Start of Block
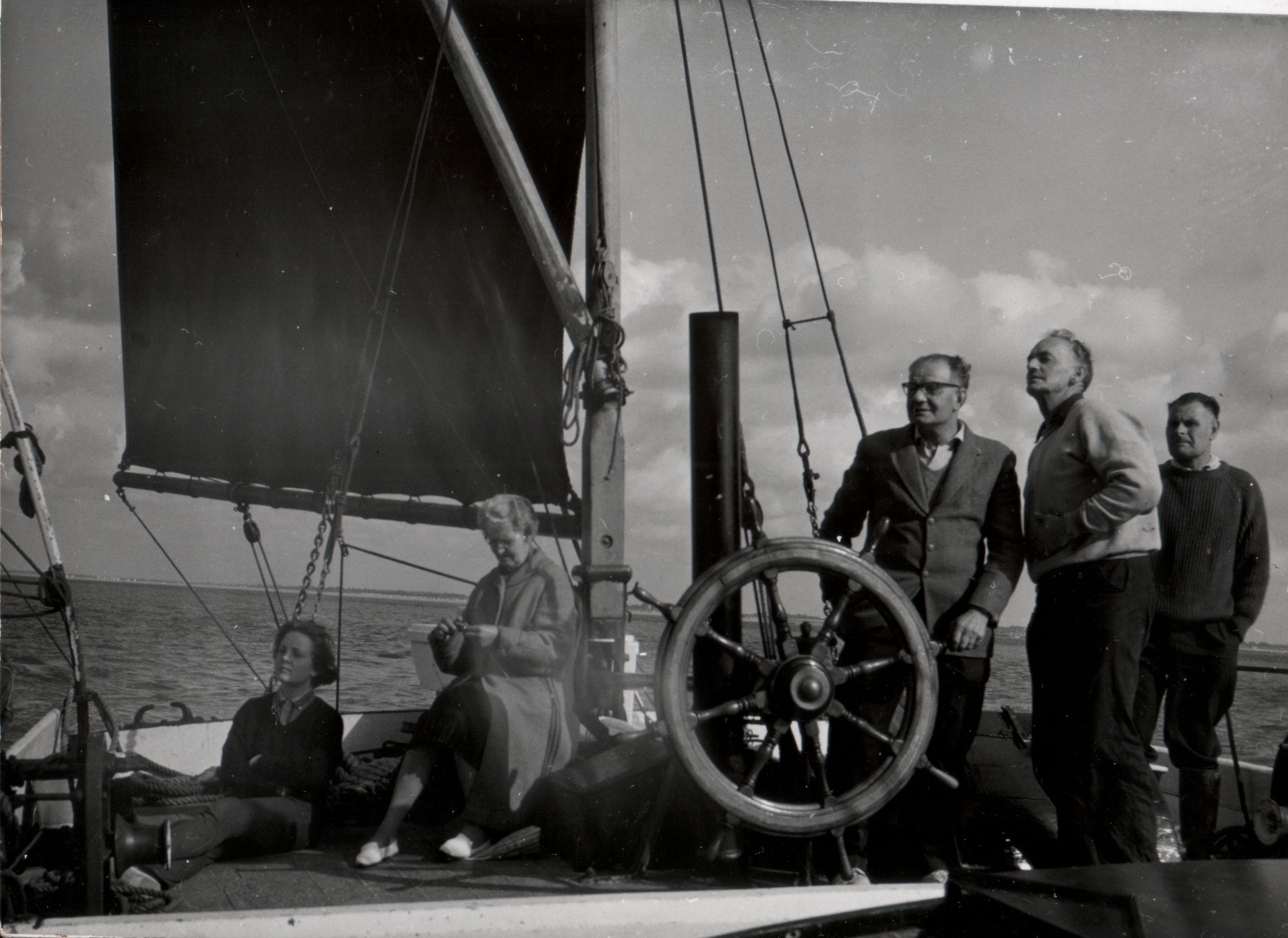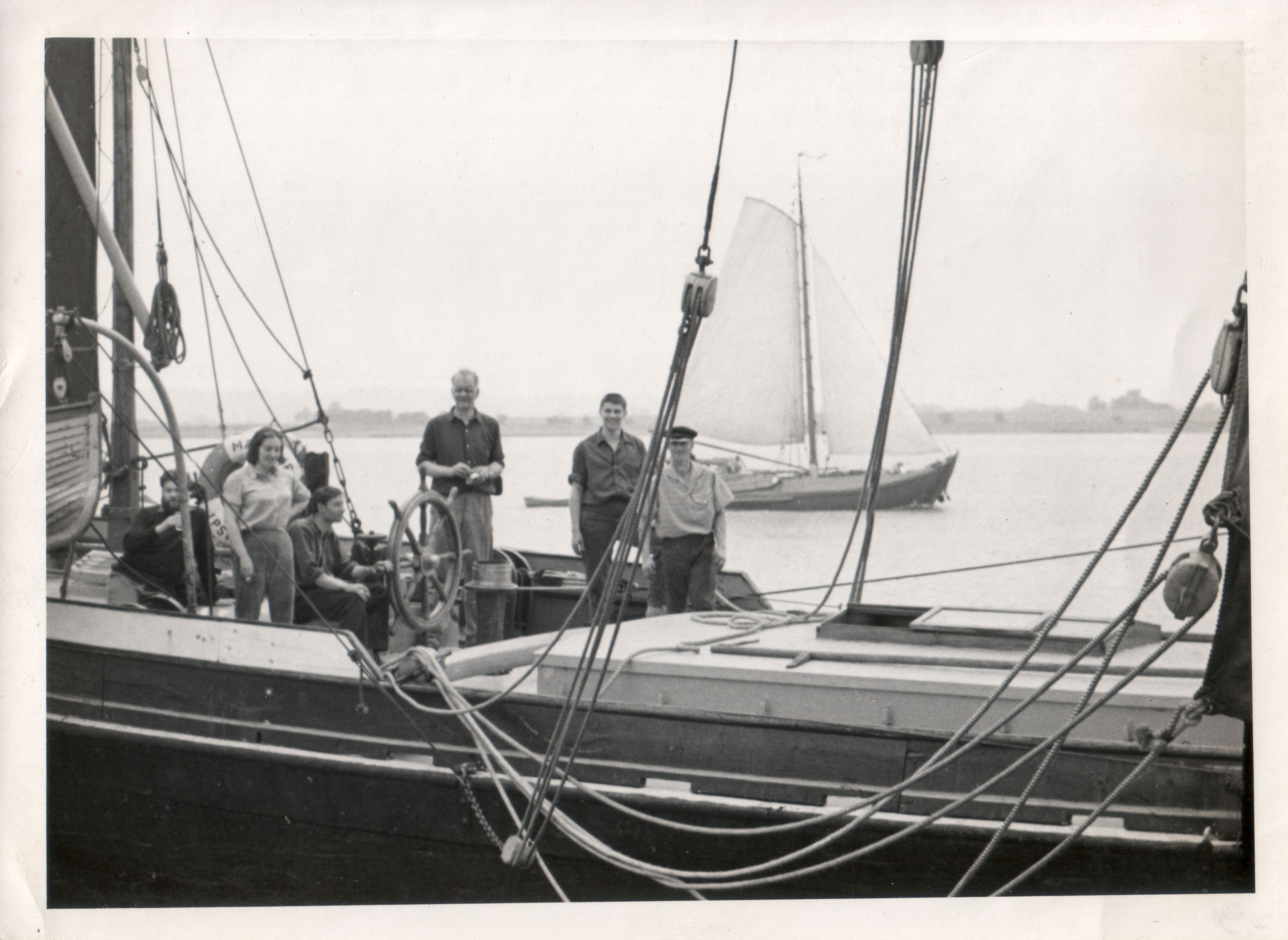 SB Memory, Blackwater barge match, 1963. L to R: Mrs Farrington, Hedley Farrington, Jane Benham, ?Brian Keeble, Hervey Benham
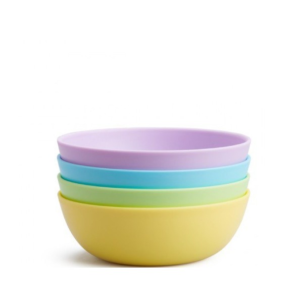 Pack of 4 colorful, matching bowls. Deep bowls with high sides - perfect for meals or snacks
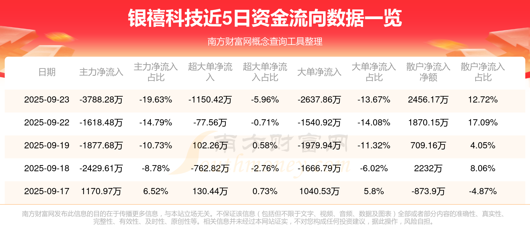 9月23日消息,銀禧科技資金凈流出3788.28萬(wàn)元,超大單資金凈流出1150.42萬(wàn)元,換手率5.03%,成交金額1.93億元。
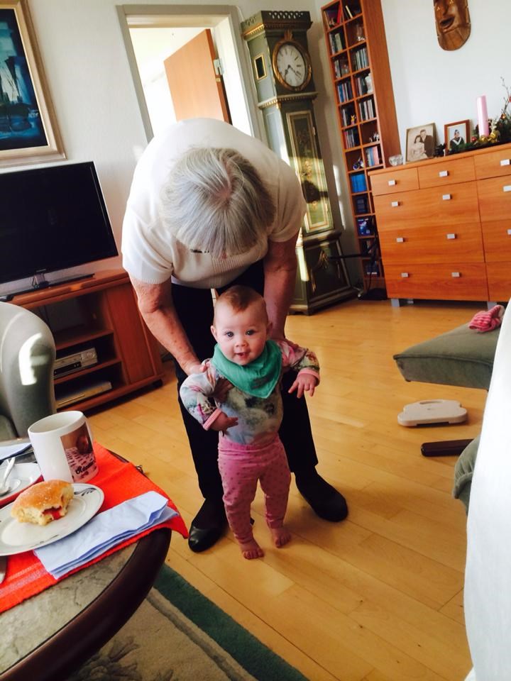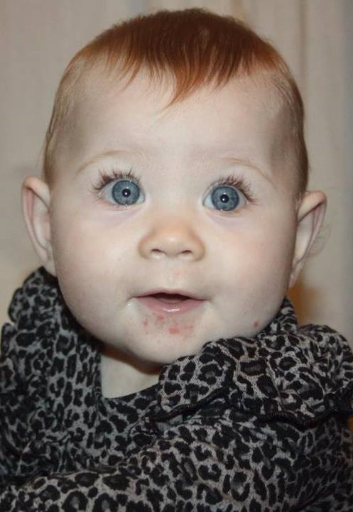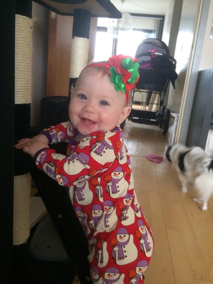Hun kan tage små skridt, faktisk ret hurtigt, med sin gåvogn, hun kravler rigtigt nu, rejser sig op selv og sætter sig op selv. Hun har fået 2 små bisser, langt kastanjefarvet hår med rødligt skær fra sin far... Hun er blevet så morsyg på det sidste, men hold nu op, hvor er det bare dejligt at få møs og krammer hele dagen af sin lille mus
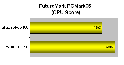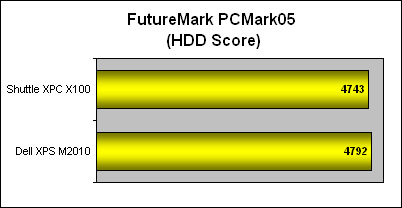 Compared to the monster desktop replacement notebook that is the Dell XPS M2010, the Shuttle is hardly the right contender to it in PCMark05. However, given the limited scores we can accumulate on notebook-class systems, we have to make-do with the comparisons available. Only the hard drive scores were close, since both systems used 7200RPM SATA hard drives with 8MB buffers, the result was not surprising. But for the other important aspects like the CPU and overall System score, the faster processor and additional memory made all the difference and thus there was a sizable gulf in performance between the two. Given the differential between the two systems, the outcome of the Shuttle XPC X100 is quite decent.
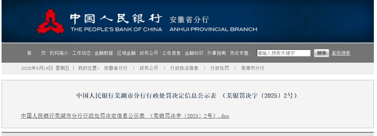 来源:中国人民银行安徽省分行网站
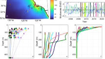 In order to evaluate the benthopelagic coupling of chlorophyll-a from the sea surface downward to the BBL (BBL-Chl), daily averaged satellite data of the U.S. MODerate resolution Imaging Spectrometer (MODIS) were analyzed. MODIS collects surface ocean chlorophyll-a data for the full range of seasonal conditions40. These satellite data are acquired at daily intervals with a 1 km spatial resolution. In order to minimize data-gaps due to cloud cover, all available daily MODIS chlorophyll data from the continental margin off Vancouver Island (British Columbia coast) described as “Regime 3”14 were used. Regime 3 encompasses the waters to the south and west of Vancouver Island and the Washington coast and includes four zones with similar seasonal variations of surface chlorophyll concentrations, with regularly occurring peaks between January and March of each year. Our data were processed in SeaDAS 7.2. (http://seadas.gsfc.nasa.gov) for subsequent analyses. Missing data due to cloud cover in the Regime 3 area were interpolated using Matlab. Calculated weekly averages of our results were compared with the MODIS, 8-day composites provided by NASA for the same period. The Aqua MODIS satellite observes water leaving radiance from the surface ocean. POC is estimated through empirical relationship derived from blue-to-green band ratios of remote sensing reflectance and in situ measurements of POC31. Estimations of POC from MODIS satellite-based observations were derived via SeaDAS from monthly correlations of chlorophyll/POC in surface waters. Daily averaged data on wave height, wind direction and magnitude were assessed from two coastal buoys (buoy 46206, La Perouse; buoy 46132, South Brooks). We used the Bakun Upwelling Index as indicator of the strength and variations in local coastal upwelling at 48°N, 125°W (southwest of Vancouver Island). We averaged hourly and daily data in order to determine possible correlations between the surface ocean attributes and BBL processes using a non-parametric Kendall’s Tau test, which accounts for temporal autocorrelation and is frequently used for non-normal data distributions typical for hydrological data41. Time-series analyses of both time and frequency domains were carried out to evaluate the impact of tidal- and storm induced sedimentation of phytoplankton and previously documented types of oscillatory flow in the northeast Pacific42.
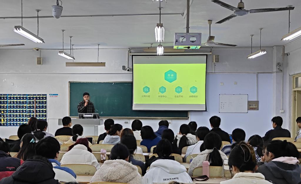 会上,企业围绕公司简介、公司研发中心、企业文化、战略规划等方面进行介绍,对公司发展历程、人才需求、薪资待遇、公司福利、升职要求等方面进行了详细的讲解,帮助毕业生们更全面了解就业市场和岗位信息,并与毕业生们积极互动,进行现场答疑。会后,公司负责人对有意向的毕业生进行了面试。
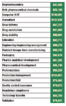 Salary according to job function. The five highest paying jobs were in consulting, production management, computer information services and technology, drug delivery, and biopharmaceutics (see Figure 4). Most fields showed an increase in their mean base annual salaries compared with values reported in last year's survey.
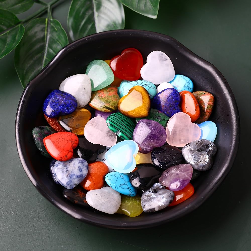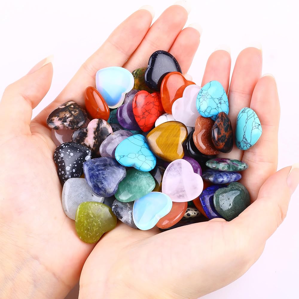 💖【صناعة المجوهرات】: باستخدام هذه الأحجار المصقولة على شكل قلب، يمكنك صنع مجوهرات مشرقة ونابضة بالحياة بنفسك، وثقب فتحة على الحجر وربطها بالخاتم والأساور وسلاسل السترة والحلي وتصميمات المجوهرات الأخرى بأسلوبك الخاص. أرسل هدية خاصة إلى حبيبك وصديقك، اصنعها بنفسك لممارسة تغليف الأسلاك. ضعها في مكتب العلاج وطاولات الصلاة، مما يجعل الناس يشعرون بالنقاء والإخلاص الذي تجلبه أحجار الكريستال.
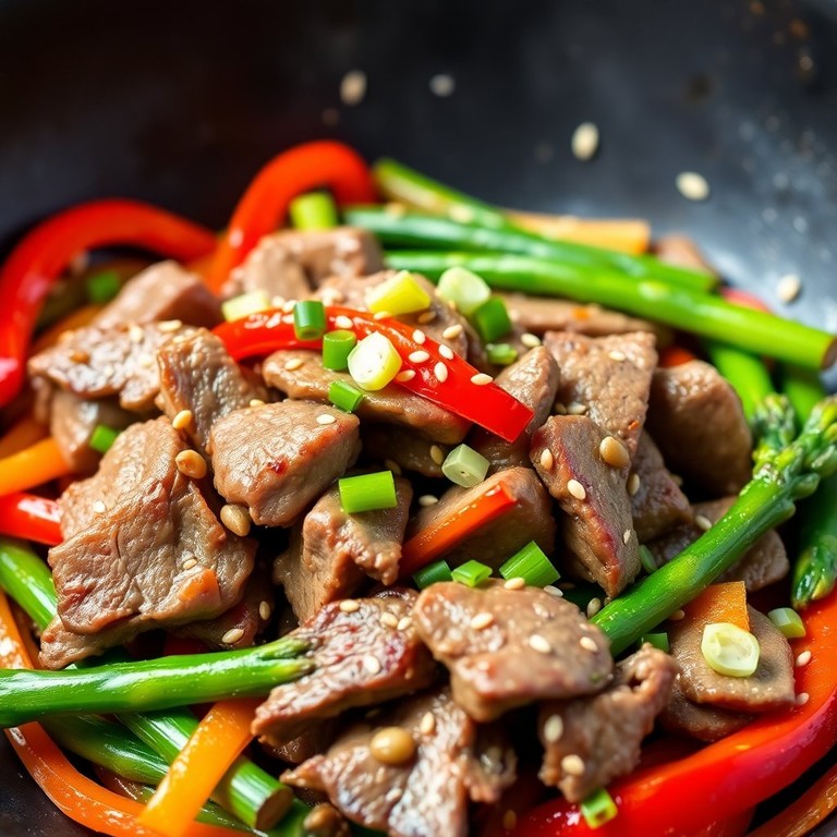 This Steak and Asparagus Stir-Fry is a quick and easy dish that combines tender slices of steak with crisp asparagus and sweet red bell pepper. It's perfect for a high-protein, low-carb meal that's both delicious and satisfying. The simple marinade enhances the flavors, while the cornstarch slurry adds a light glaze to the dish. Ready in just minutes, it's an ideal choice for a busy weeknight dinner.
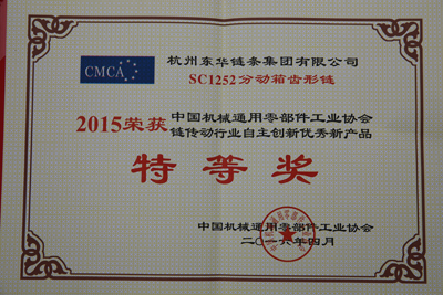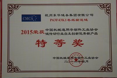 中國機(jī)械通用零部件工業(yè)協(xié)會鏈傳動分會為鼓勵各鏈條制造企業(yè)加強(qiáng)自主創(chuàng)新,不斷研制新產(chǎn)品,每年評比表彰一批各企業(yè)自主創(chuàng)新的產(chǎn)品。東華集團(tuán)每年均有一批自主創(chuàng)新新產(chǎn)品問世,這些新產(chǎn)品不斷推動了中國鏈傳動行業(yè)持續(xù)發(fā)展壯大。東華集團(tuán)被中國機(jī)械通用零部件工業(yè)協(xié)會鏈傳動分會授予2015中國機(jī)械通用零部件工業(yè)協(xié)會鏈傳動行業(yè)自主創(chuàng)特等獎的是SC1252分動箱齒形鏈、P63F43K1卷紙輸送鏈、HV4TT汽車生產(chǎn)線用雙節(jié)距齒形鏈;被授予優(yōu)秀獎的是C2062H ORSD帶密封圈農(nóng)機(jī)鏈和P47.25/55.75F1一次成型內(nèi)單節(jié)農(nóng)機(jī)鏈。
End of Block
*What to produce*
From the entries above, write out every line without a single change, skipping the images.

*Solution*
 SB Memory, Blackwater barge match, 1963. L to R: Mrs Farrington, Hedley Farrington, Jane Benham, ?Brian Keeble, Hervey Benham
 Pack of 4 colorful, matching bowls. Deep bowls with high sides - perfect for meals or snacks
 9月23日消息,銀禧科技資金凈流出3788.28萬(wàn)元,超大單資金凈流出1150.42萬(wàn)元,換手率5.03%,成交金額1.93億元。
Hun kan tage små skridt, faktisk ret hurtigt, med sin gåvogn, hun kravler rigtigt nu, rejser sig op selv og sætter sig op selv. Hun har fået 2 små bisser, langt kastanjefarvet hår med rødligt skær fra sin far... Hun er blevet så morsyg på det sidste, men hold nu op, hvor er det bare dejligt at få møs og krammer hele dagen af sin lille mus
 Compared to the monster desktop replacement notebook that is the Dell XPS M2010, the Shuttle is hardly the right contender to it in PCMark05. However, given the limited scores we can accumulate on notebook-class systems, we have to make-do with the comparisons available. Only the hard drive scores were close, since both systems used 7200RPM SATA hard drives with 8MB buffers, the result was not surprising. But for the other important aspects like the CPU and overall System score, the faster processor and additional memory made all the difference and thus there was a sizable gulf in performance between the two. Given the differential between the two systems, the outcome of the Shuttle XPC X100 is quite decent.
 来源:中国人民银行安徽省分行网站
 In order to evaluate the benthopelagic coupling of chlorophyll-a from the sea surface downward to the BBL (BBL-Chl), daily averaged satellite data of the U.S. MODerate resolution Imaging Spectrometer (MODIS) were analyzed. MODIS collects surface ocean chlorophyll-a data for the full range of seasonal conditions40. These satellite data are acquired at daily intervals with a 1 km spatial resolution. In order to minimize data-gaps due to cloud cover, all available daily MODIS chlorophyll data from the continental margin off Vancouver Island (British Columbia coast) described as “Regime 3”14 were used. Regime 3 encompasses the waters to the south and west of Vancouver Island and the Washington coast and includes four zones with similar seasonal variations of surface chlorophyll concentrations, with regularly occurring peaks between January and March of each year. Our data were processed in SeaDAS 7.2. (http://seadas.gsfc.nasa.gov) for subsequent analyses. Missing data due to cloud cover in the Regime 3 area were interpolated using Matlab. Calculated weekly averages of our results were compared with the MODIS, 8-day composites provided by NASA for the same period. The Aqua MODIS satellite observes water leaving radiance from the surface ocean. POC is estimated through empirical relationship derived from blue-to-green band ratios of remote sensing reflectance and in situ measurements of POC31. Estimations of POC from MODIS satellite-based observations were derived via SeaDAS from monthly correlations of chlorophyll/POC in surface waters. Daily averaged data on wave height, wind direction and magnitude were assessed from two coastal buoys (buoy 46206, La Perouse; buoy 46132, South Brooks). We used the Bakun Upwelling Index as indicator of the strength and variations in local coastal upwelling at 48°N, 125°W (southwest of Vancouver Island). We averaged hourly and daily data in order to determine possible correlations between the surface ocean attributes and BBL processes using a non-parametric Kendall’s Tau test, which accounts for temporal autocorrelation and is frequently used for non-normal data distributions typical for hydrological data41. Time-series analyses of both time and frequency domains were carried out to evaluate the impact of tidal- and storm induced sedimentation of phytoplankton and previously documented types of oscillatory flow in the northeast Pacific42.
 会上,企业围绕公司简介、公司研发中心、企业文化、战略规划等方面进行介绍,对公司发展历程、人才需求、薪资待遇、公司福利、升职要求等方面进行了详细的讲解,帮助毕业生们更全面了解就业市场和岗位信息,并与毕业生们积极互动,进行现场答疑。会后,公司负责人对有意向的毕业生进行了面试。
 Salary according to job function. The five highest paying jobs were in consulting, production management, computer information services and technology, drug delivery, and biopharmaceutics (see Figure 4). Most fields showed an increase in their mean base annual salaries compared with values reported in last year's survey.
 💖【صناعة المجوهرات】: باستخدام هذه الأحجار المصقولة على شكل قلب، يمكنك صنع مجوهرات مشرقة ونابضة بالحياة بنفسك، وثقب فتحة على الحجر وربطها بالخاتم والأساور وسلاسل السترة والحلي وتصميمات المجوهرات الأخرى بأسلوبك الخاص. أرسل هدية خاصة إلى حبيبك وصديقك، اصنعها بنفسك لممارسة تغليف الأسلاك. ضعها في مكتب العلاج وطاولات الصلاة، مما يجعل الناس يشعرون بالنقاء والإخلاص الذي تجلبه أحجار الكريستال.
 This Steak and Asparagus Stir-Fry is a quick and easy dish that combines tender slices of steak with crisp asparagus and sweet red bell pepper. It's perfect for a high-protein, low-carb meal that's both delicious and satisfying. The simple marinade enhances the flavors, while the cornstarch slurry adds a light glaze to the dish. Ready in just minutes, it's an ideal choice for a busy weeknight dinner.
 中國機(jī)械通用零部件工業(yè)協(xié)會鏈傳動分會為鼓勵各鏈條制造企業(yè)加強(qiáng)自主創(chuàng)新,不斷研制新產(chǎn)品,每年評比表彰一批各企業(yè)自主創(chuàng)新的產(chǎn)品。東華集團(tuán)每年均有一批自主創(chuàng)新新產(chǎn)品問世,這些新產(chǎn)品不斷推動了中國鏈傳動行業(yè)持續(xù)發(fā)展壯大。東華集團(tuán)被中國機(jī)械通用零部件工業(yè)協(xié)會鏈傳動分會授予2015中國機(jī)械通用零部件工業(yè)協(xié)會鏈傳動行業(yè)自主創(chuàng)特等獎的是SC1252分動箱齒形鏈、P63F43K1卷紙輸送鏈、HV4TT汽車生產(chǎn)線用雙節(jié)距齒形鏈;被授予優(yōu)秀獎的是C2062H ORSD帶密封圈農(nóng)機(jī)鏈和P47.25/55.75F1一次成型內(nèi)單節(jié)農(nóng)機(jī)鏈。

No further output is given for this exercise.